Saturday, January 30, 2016

ORGANS

The words “lost” and “empty” could conclude what I felt the night you left. However precisely, I couldn’t sleep. For two weeks, my eyes was closed at night but my heart felt like it was too heavy to pump itself. Like when your knees dislocate but you still have to continue running. That was how painful it was for my heart to beat normally. Every single breath I took felt so poisonous. As if the air particles was larger than usual, it suffocates me slowly. My skin would refuse to accept the cold shower I crave everyday as if my whole body is covered with a thick layer of oil. Water keeps flowing but it makes no difference. My brain wouldn’t relax itself, it keeps reminding me of the things we did together like an old tape player replaying and rewinding certain scenes. My brain was blaming me. It blamed my lips for not kissing you right, my hands for not holding yours tight, when really, you can’t imagine the amount of love I have been trying to hide.

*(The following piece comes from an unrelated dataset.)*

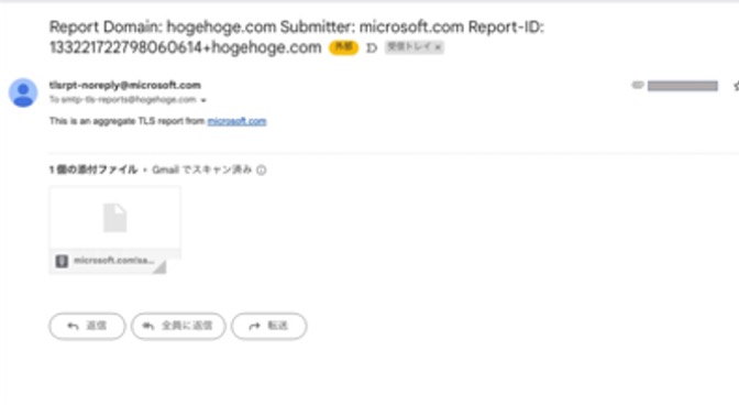 送信レポートを作成するためにGoogle Workspaceをご利用であればMicrosoft365等からテストメールを送信する必要があります。この例では実際にMicrosoftから受信したTLSレポートを記載しています。一部ドメイン名等は変更していますがほぼこの内容のものが届くようになります。

I can’t really do anything when you left babe. Even my organs seemed like it hated me so much that I had to throw up my breakfast, lunch and dinner for quite some time. I don’t even deserve to have a sip of water for losing you. Worst, even when you came back to say hi, it couldn’t remove the hatred my insides have upon me. It would just make the muscles work a smile on my face.

Thank you, very much for leaving. Now I can never feel myself the same again.